Not only was Cowher beginning his first year as coach, but Neil O'Donnell had ascended to the starting quarterback role, and Barry Foster had been named the team's starting running back. The impact was felt immediately. The Steelers went 11-5 and made it to the divisional round of the playoffs behind O'Donnell's 2,283 yards and 13 touchdowns along with Foster's 1,690 yards on the ground. But Thigpen's contribution was minimal with only one reception for the season and two kick returns.
Fast forward another season and Thigpen posted nine catches for 154 yards and recorded three touchdowns in 1993. The Steelers were only beginning to realize the talent they had in Thigpen.
The 1994 season saw Pittsburgh make a run to the AFC Championship game where, despite being favored to upend the Chargers, they fell to San Diego 17-13. Although the running game was in flux with Foster's lingering injuries and Bam Morris' breakout year that season, the passing game was on the verge of a breakout year the following year in 1995, and Thigpen would become O'Donnell's primary target. He finished '94 with 36 receptions, 546 yards and four touchdowns.
Thigpen's success in 1995 was not only a pivotal part of the Steelers' Super Bowl XXX appearance but also led to his first Pro Bowl selection as he recorded 85 receptions, 1,307 yards and five touchdowns. It was fitting that he was competing in the same Super Bowl as Michael Irvin because Thigpen began to develop himself not only into a bona fide downfield threat, but as a fearless go-to receiver over the middle, much like "the Playmaker" himself. Thigpen had Pittsburgh's only receiving touchdown in the title game as the Steelers fell to the Cowboys, 27-17.
After the success of the 1995 season on an individual level, 1996 proved to be the opposite as Thigpen missed most of the season due to leg injuries. But he would again return to Pro Bowl form in 1997, catching 79 passes and accumulating 1,398 yards.
The offseason leading into 1998 saw Thigpen become a free agent, and with two Pro Bowl seasons in three years ,along with breaking the Steelers' season records for receptions and yards, Thigpen was being actively courted by other teams, mainly the Tennessee Oilers (pre-Titans) who Thigpen signed a five-year contract with to become a veteran deep threat for Steve McNair.
The remainder of Thigpen's career would play out with Tennessee, and in 1999 he would again reach the Super Bowl but again it would be in a losing effort as the Titans fell to the Rams, 23-16. He would retire after the 2000 season.

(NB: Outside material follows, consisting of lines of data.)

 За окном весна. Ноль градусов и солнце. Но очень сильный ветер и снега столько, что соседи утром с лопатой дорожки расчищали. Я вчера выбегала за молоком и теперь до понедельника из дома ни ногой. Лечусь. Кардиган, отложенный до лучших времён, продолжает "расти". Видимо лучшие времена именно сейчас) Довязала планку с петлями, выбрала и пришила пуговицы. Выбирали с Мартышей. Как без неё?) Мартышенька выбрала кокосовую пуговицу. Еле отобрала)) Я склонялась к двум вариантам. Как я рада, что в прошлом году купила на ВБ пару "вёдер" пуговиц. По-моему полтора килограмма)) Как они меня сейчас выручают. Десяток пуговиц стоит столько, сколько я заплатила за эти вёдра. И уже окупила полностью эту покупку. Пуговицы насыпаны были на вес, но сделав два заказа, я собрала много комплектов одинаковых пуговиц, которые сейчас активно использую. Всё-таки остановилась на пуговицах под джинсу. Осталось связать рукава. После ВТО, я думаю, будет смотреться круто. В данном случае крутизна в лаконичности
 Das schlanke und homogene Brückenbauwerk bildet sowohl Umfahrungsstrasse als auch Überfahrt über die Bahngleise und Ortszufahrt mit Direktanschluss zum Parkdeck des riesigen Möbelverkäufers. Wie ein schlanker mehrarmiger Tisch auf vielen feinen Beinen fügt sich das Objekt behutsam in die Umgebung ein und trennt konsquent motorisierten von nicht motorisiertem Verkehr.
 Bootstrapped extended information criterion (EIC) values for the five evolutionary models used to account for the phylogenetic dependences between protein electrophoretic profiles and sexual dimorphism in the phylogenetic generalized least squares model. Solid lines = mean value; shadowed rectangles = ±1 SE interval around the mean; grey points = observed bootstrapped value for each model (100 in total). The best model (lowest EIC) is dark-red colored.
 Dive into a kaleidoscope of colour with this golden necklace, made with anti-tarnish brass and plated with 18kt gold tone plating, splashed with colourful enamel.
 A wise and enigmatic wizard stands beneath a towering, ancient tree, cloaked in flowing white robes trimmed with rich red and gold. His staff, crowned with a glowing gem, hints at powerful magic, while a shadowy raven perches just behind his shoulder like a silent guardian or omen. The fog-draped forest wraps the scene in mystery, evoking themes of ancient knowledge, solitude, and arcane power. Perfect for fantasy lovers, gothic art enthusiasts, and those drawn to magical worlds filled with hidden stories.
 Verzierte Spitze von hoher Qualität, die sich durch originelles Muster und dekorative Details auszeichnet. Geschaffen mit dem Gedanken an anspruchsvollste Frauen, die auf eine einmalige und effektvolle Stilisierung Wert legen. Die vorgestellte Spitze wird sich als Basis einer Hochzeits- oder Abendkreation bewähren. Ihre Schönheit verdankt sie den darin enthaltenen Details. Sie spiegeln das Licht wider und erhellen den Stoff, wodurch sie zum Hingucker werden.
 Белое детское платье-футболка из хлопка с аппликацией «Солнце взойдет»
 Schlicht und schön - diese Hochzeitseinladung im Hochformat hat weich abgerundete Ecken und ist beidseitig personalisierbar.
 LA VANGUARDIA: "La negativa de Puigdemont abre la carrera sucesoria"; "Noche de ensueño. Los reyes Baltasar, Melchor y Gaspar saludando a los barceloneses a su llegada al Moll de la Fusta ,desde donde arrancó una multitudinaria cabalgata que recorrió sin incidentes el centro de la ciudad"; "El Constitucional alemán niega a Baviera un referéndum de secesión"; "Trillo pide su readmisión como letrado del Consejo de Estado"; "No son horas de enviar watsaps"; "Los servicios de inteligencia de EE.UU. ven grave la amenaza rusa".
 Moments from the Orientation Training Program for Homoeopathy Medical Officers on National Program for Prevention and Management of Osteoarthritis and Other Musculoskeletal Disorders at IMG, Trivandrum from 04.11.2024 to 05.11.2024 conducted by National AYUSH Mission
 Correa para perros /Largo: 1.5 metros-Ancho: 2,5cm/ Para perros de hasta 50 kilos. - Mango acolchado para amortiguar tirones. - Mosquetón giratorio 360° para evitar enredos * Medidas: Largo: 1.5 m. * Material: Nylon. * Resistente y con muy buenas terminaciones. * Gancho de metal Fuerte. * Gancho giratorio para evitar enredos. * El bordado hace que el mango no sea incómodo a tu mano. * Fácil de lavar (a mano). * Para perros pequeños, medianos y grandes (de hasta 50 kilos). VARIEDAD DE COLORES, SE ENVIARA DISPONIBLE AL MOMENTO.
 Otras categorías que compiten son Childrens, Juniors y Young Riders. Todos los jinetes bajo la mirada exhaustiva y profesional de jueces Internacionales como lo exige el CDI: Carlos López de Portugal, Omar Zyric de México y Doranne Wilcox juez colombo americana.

Despite the final three years of his career being played in Tennessee, Thigpen's NFL legacy resides in Pittsburgh, where he seemed to become a standout overnight at wide receiver. With a franchise filled with as much history as the Steelers, Thigpen's integral seasons are an interesting way-point when navigating between the golden era success of Lynn Swann and John Stallworth to the modern era of Hines Ward, Santonio Holmes, and Mike Wallace.